The invention discloses a word vector training method and system for integrating part-of-speech and location information. The method includes: preprocessing data to obtain target text; performing word segmentation and part-of-speech tagging on the target text; modeling part-of-speech information and location information Modeling; on the basis of the skip-gram model based on the negative sampling strategy, the part-of-speech and position information are fused to learn the word vector to obtain the target word vector, which is used for word analogy task and word similarity task evaluation. The present invention considers the part-of-speech information and position information of words, and on the basis of modeling the part-of-speech information and position information of words, fully utilizes the part-of-speech information of words and the position information between parts of speech to help the training of word vectors, and in It is also more reasonable to update the parameters during the training process.

Description

Translated fromChinese

一种融合词性与位置信息的词向量训练方法及系统A word vector training method and system integrating part-of-speech and position information

技术领域technical field

本发明属于自然语言处理技术领域，更具体地，涉及一种融合词性与位置信息的词向量训练方法及系统。The invention belongs to the technical field of natural language processing, and more specifically relates to a word vector training method and system that integrates part of speech and position information.

背景技术Background technique

近年来，随着移动互联网技术的飞速发展，使得互联网中数据的规模急速增长，也使得数据的复杂度急剧增高。这就使得对这些海量的无结构、未标注数据的处理分析成为一大难题。In recent years, with the rapid development of mobile Internet technology, the scale of data in the Internet has grown rapidly, and the complexity of data has also increased dramatically. This makes the processing and analysis of these massive unstructured and unlabeled data a major problem.

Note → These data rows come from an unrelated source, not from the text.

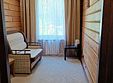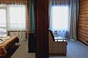 Уютный двухкомнатный номер с двуспальной кроватью и прикроватными тумбами, с софой, комодом, ЖК-телевизором, тумбой под телевизор, журнальным столиком, шкафом-купе; в каждом номере: холодильник, фен, чайник, чайные пары; туалетная комната с раковиной, зеркалом, WC, душевой кабиной, набором туалетных принадлежностей, 2 махровых халата, тапочки.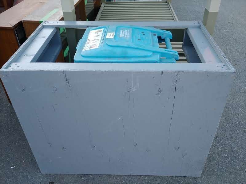 WOOD TABLE WITH BLUE RECYCLING BIN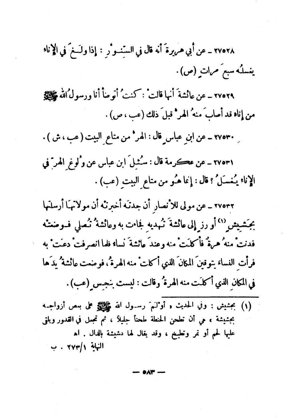 27532- عن مولى للأنصار" أن جدته أخبرته أن مولاتها أرسلتها بجشيش 1 أو رز إلى عائشة تهديه فجاءت به وعائشة تصلي فوضعته فدنت منه هرة فأكلت منه وعند عائشة نساء فلما انصرفت دعت به فرأت النساء يتوقين المكان الذي أكلت منه الهرة، فوضعت عائشة يدها في المكان الذي أكلت منه الهرة وقالت: ليست بنجس". "عب".
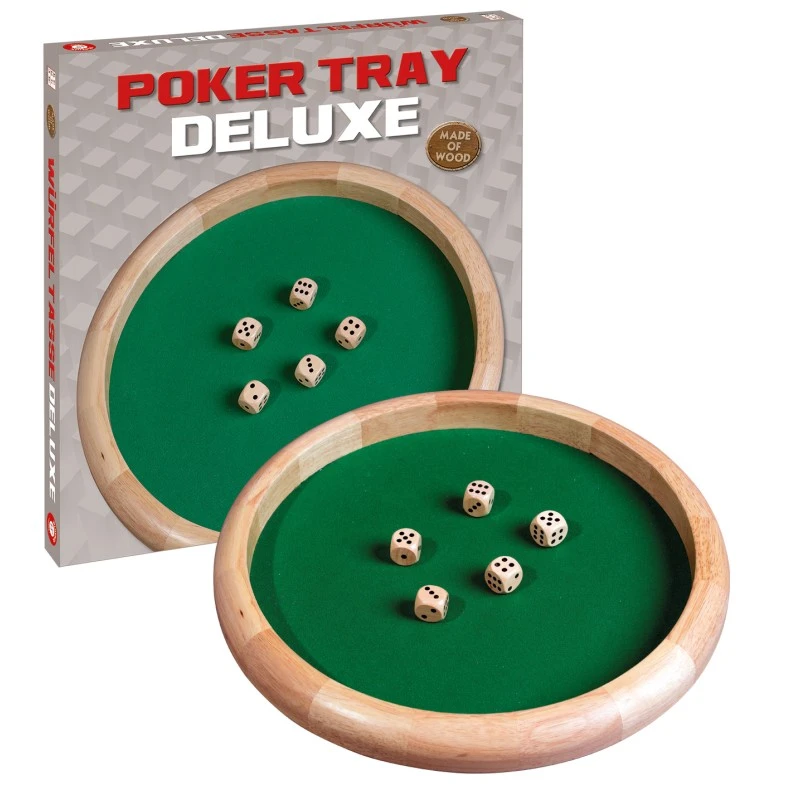 Grande Piste de Dés Luxe 45cm. Inclus : 5 dés, piste en bois massif avec tapis velours vert. 45cm de diamètre.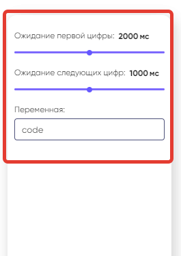 В свойствах блока можно настроить время ожидания ввода первой цифры (2000 мс по умолчанию), а также время ожидания последующих цифр (1000 мс по умолчанию) и указать переменную, в которую будет сохранен результат ввода.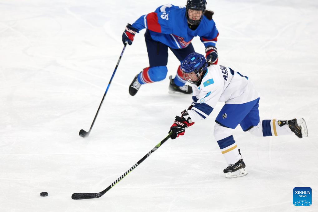 Pernesh Ashimova (R) of Kazakhstan competes during the women's ice hockey group B match between Kazakhstan and South Korea at 2025 Asian Winter Games in Harbin, northeast China's Heilongjiang Province, on Feb. 9, 2025. (Xinhua/Chen Bin)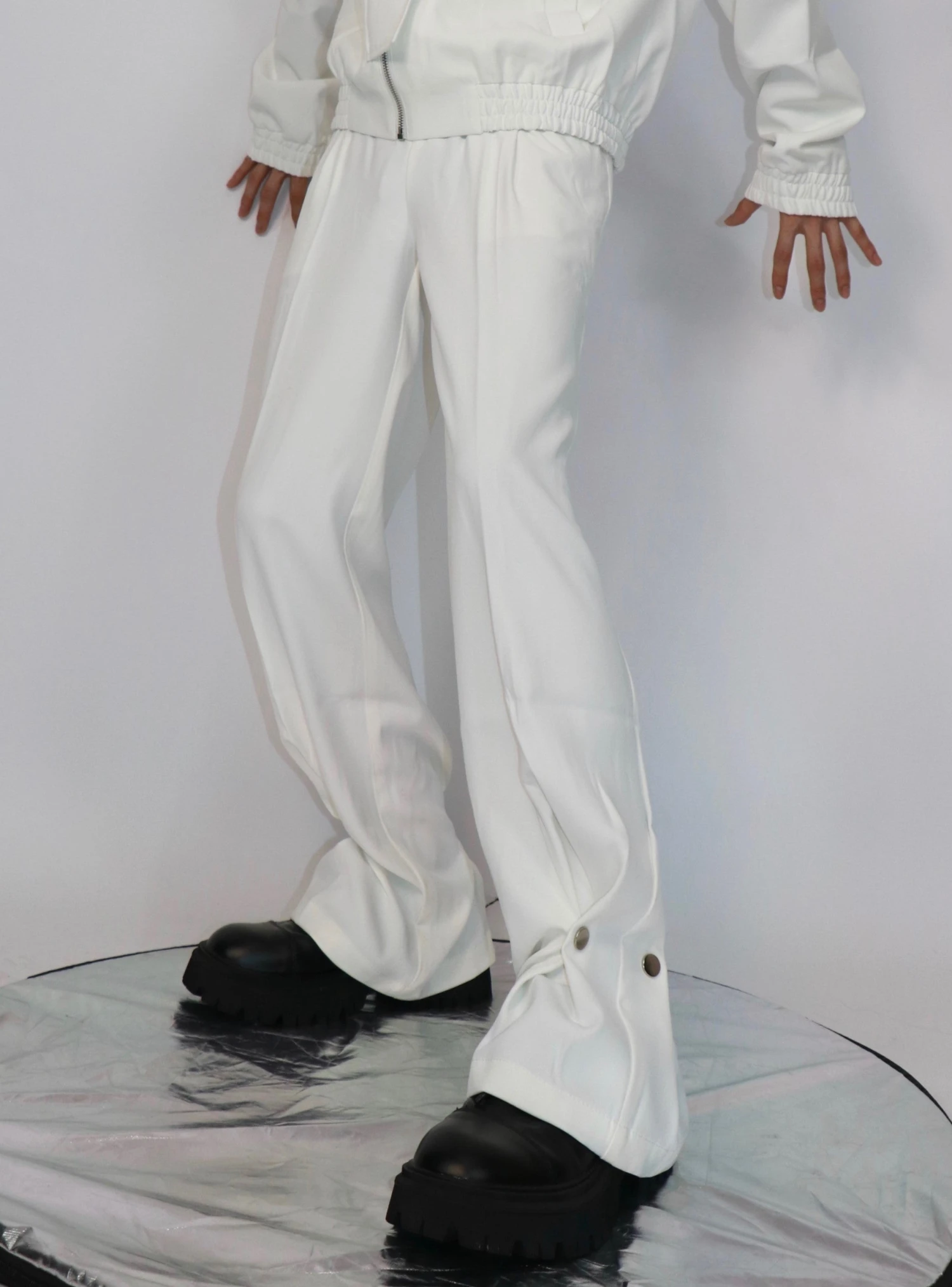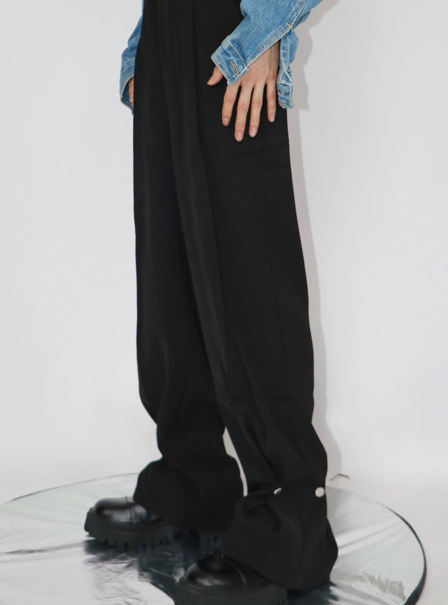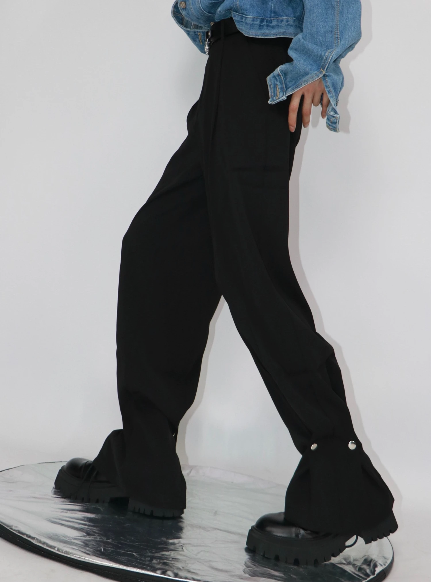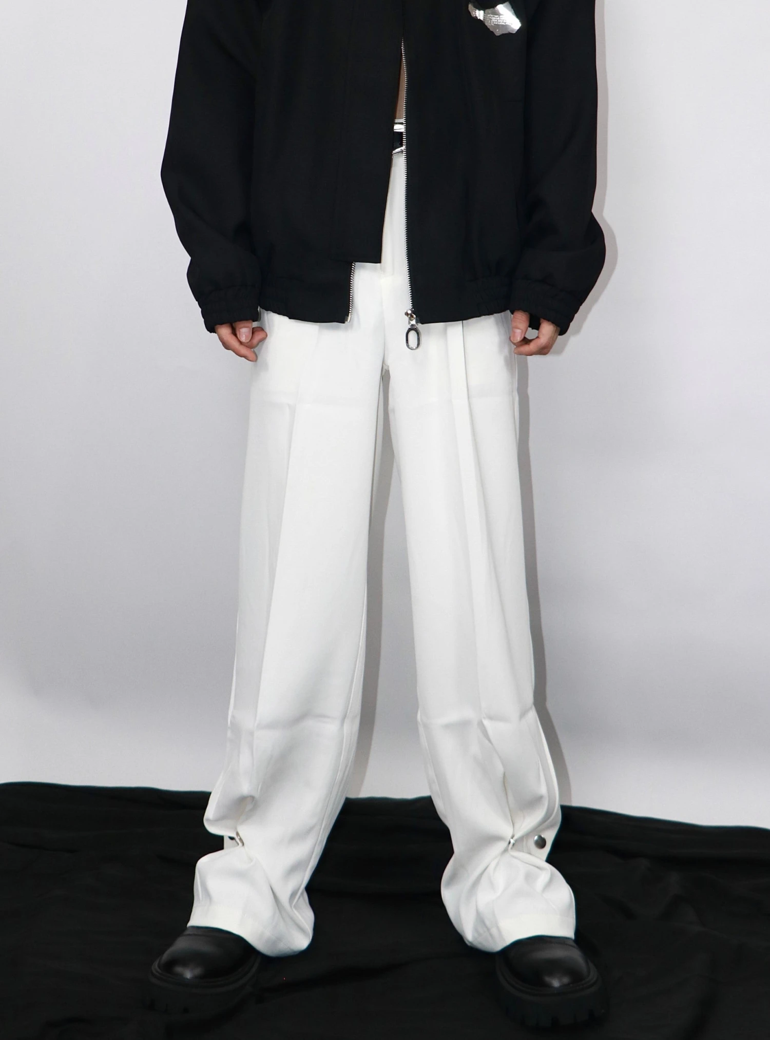 CulturE cotton-blend trousers, press-stud detailing, pleats throughout, belt loops, zip-fly.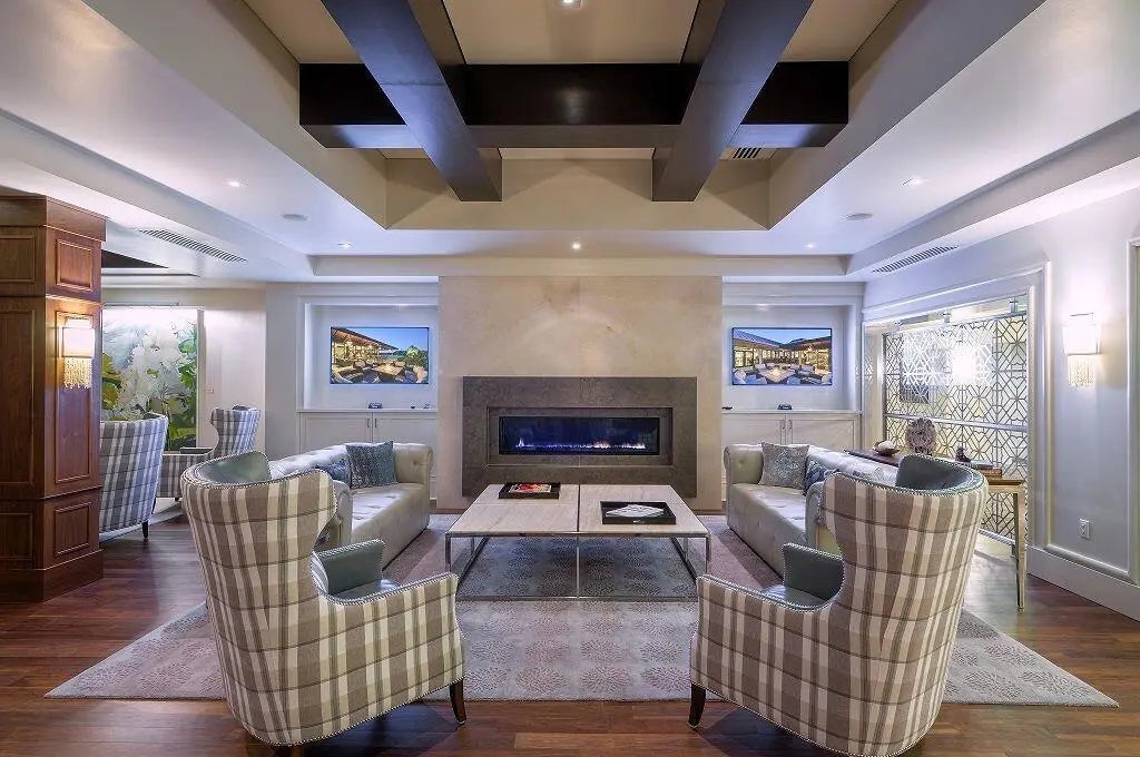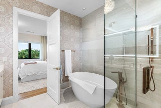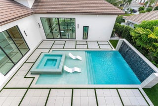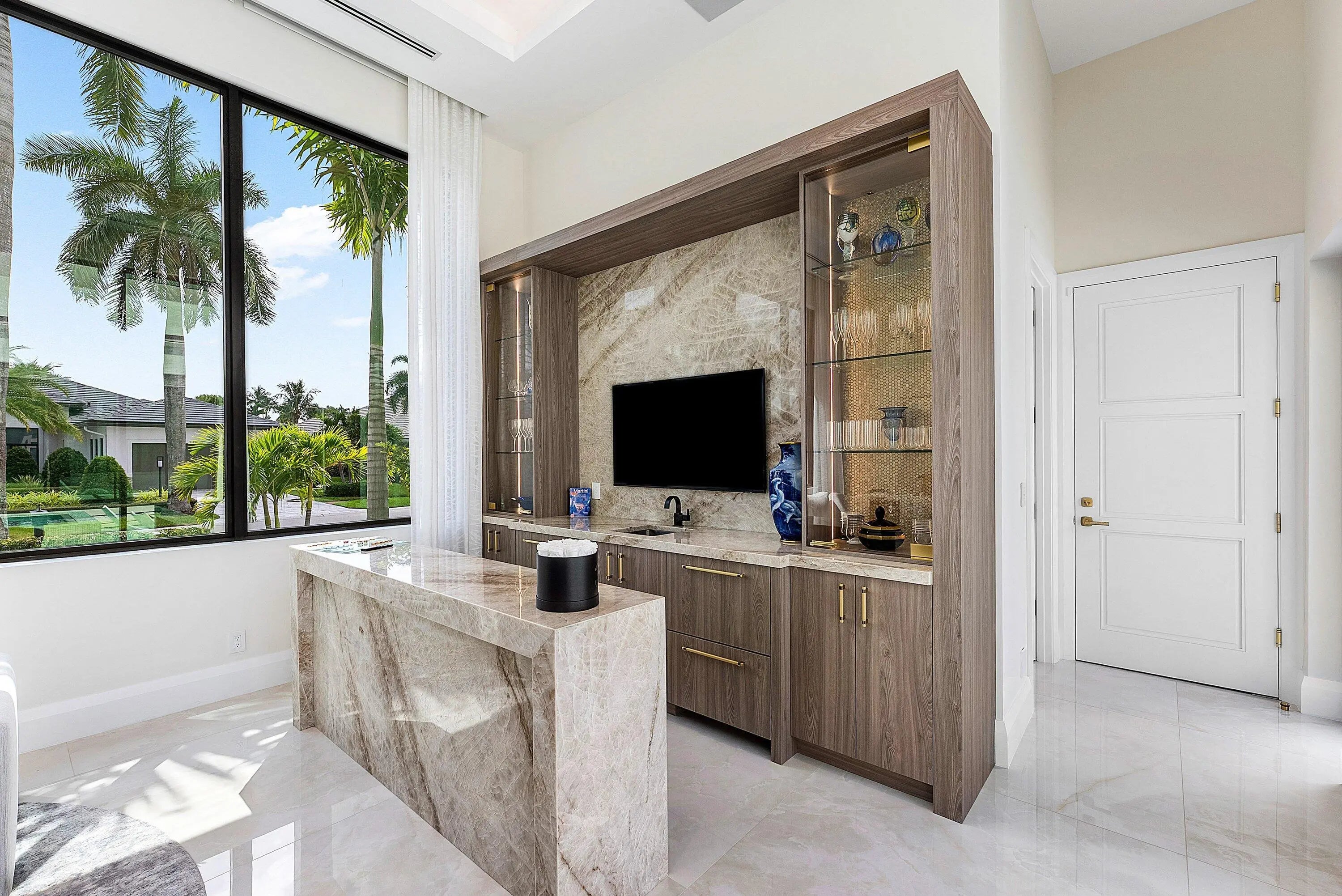 An architectural gem newly constructed in 2024, this custom-built courtyard home showcases expanses of glass that seamlessly integrate the indoor and outdoor environments. 12' glass windows and doors which frame eastern and western views illuminate the home with natural light. Modern design elements, coupled with hardscape accents in geometric form, create a stunning effect.The interiors have a refined, sophisticated aesthetic with soft tones and exquisite finishes. The home offers 5714 living sq ft, 4 ensuite bedrooms, 5.5 baths, office, entertainment room (which can be converted to a 5th bedroom with a full bath), temperature-controlled 200 bottle wine room, glass-railed floating staircase, music gallery, and 3 air-conditioned garage spaces (constructed to accommodate 6 cars using

传统的机器学习方法采用特征工程(Feature engineering)对数据进行符号化表示以便于模型的建模与求解，但特征工程中常用的词袋表示技术如One-hot向量随着数据复杂度的增长，特征的维度也会急剧增加从而导致维度灾难问题。并且基于One-hot向量表示的方法还存在语义鸿沟现象。随着“如果两个词上下文相似，那么它们的语义也相似”的分布假说(distributional hypothesis)被提出，基于分布假说的单词分布表示技术不断地被提出。其中最主要的有基于矩阵的分布表示、基于聚类的分布表示及基于词向量的分布表示。但无论是基于矩阵表示还是基于聚类表示的分布表示方法虽然能够在特征维度较小时表达简单的上下文信息。但当特征维度较高时，模型对于上下文的表达尤其是对复杂上下文的表达就无能为力。而基于词向量的表示技术，使得无论是对于每个单词的表示，还是通过线性组合的方法来表示单词的上下文都避免了出现维度灾难的问题。而且由于单词之间的距离可以通过他们所对应词向量之间的余弦距离或欧式距离来衡量，这也在很大程度上消除了传统的词袋模型中的语义鸿沟的问题。Traditional machine learning methods use feature engineering (Feature engineering) to symbolize data to facilitate model modeling and solution. However, bag-of-words representation techniques commonly used in feature engineering, such as One-hot vectors, increase with the complexity of data. The dimensionality of features will also increase dramatically leading to the curse of dimensionality problem. And there is still a semantic gap in the method based on One-hot vector representation. As the distributional hypothesis (distributional hypothesis) of "if two words are similar in context, their semantics are similar" is proposed, the word distribution representation technology based on the distributional hypothesis is continuously proposed. The most important ones are matrix-based distribution representation, cluster-based distribution representation and word vector-based distribution representation. However, although the distribution representation method based on matrix representation or cluster representation can express simple context information when the feature dimension is small. But when the feature dimension is high, the model is powerless to express the context, especially the complex context. The word vector-based representation technology avoids the curse of dimensionality, whether it is the representation of each word or the context of the word through a linear combination method. And since the distance between words can be measured by the cosine distance or Euclidean distance between their corresponding word vectors, this also largely eliminates the problem of semantic gap in the traditional bag-of-words model.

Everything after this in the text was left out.